I had a plan...to do what ever my neurologist told me to do...that's why I go to
a specialist,right?  I thought I had done pretty good considering the circumstances. 
I was doing the best I could...or was I?  I was then asked..."is that it?"  
I started thinking and I had to admit to myself that I really didn't have a plan. I was in denial.

According to the 5 stages of grief "Acceptance means that you've grasped the reality of your situation
and you're ready to incorporate that reality into your life. " Hmmm...I think in the
back of my mind acceptance meant that I was defeated.  I have really struggled with
this idea.  To be honest I am still struggling with it.  Ever fiber of my being has been telling me
that acknowledging this is wrestling with defeat and defeat is unacceptable.  But I had to admit
my plan wasn't really working anymore (if it ever did).  So I started to do what I do best, research.
There is so much information out there it is overwhelming and intimidating.  Where the hell do
I begin?  Since I now realize that relying solely on the medical community is no longer an option for me my new plan is to look for ways to attack this on all fronts.  It's a necessary turn in the road. 
I know it won't be easy but I am going to try to keep my mind open to all that is out there for me
to tap into.  I have to remember that this too is moving forward, the game plan has just shifted...but I am still IN the game. 
 

To that very smart person in my life...thank you.  Many times it's hard to see the forest
through the trees and it takes someone with courage to point that out.  Thank you for
challenging me to be the best person I can be and thank you for reminding me that it is
always worth the risk to bloom.

"and the day came when the risk to remain tight in a bud was greater than the
risk it took to bloom"  Anais Nin

Thursday, January 30, 2014

Endurance, perserverance for the race we have before us


What a fantastic year it has been!  2013 brought so many wonderful experiences and we made so many amazing memories!!  As many of you know I got married this past September.  It’s been a whirlwind.  God has truly blessed me…growing our family to five daughters, giving us the means to expand our home and add 3 additional bedrooms, listing and selling my townhome in just 5 weeks, and of course most importantly finding the most incredible man to spend the rest of my life with. 
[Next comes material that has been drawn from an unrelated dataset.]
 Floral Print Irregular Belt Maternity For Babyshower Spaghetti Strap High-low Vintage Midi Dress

It’s been 4 years since I was diagnosed with MS and my life has seen many changes.  Some, as you can see from above, have been more than I could ever have dreamed of and others quite frankly have been a nightmare.  The physical and cognitive changes that MS has made to my brain, therefore my body, can be quite discouraging at times.  The physical symptoms have relatively stayed the same; numbness in my limbs, spatial issues, balance difficulties, pain in my back that has been not so lovingly named the” MS hug” along with extreme fatigue.   Cognitively, I have a pretty bad scar on my brain somewhere that has caused great memory loss.  I have lost complete conversations.  I have missed appointments that I didn’t remember scheduling.  I have forgotten some of the “little things” that make up the special memories of time I have spent with loved ones.  While there has been many a dark moment for me physically, emotionally and cognitively I can truly say that I am blessed. 

Every day I get up and out of bed I am thankful.  Thankful for the ability to walk.  Thankful for the ability to see.  Thankful that that I have been given a new day.  Thankful that I have true JOY in my heart.  Thankful for my amazing husband.  Thankful for our five absolutely beautiful, inside and out, daughters.  And believe it or not, Thankful I was diagnosed with MS.
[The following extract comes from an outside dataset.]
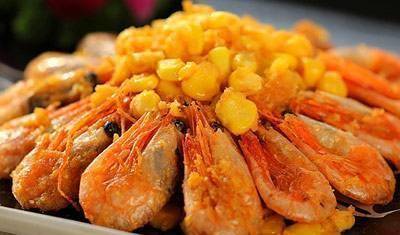 原料:大虾350克,嫩玉米100克,咸蛋黄糊50克,盐、糖、生粉、蛋黄、花生油各适量。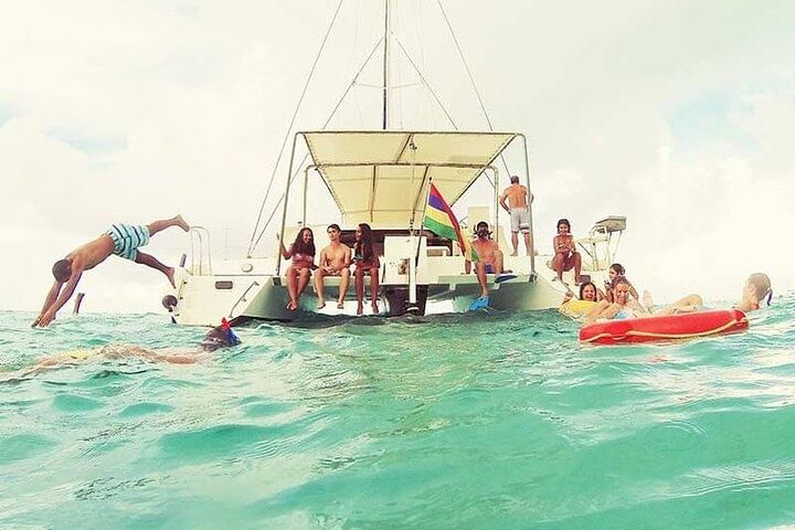During the journey on the Catamaran , very often to be seen Dolphins and Enjoy snorkeling in the lagoon , and enjoying a seafood barbecue on board .

I believe we are all given different races to run.  I believe we all have a purpose. I believe God Almighty has a plan.  I believe his plan is for me to share my story with others.  To encourage, lift up and give hope to those who may not feel as if they have any and to be an example to my daughters of perseverance regardless of life’s challenges. To be a witness to the amazing things God has for all of us, for even when we are at our lowest, He is working miracles for us. 

I share all of this with you so that you may see the HOPE I have for my future.  The HOPE I have that as many come together as one we will find a CURE for this disease.  I am asking again this year for you to share your blessings with me.  I ask for your support as our MS Walk Team, the Village People, fundraise to find a CURE and to support those with MS.  I am asking for you to be by my side as I run the race set out before me. 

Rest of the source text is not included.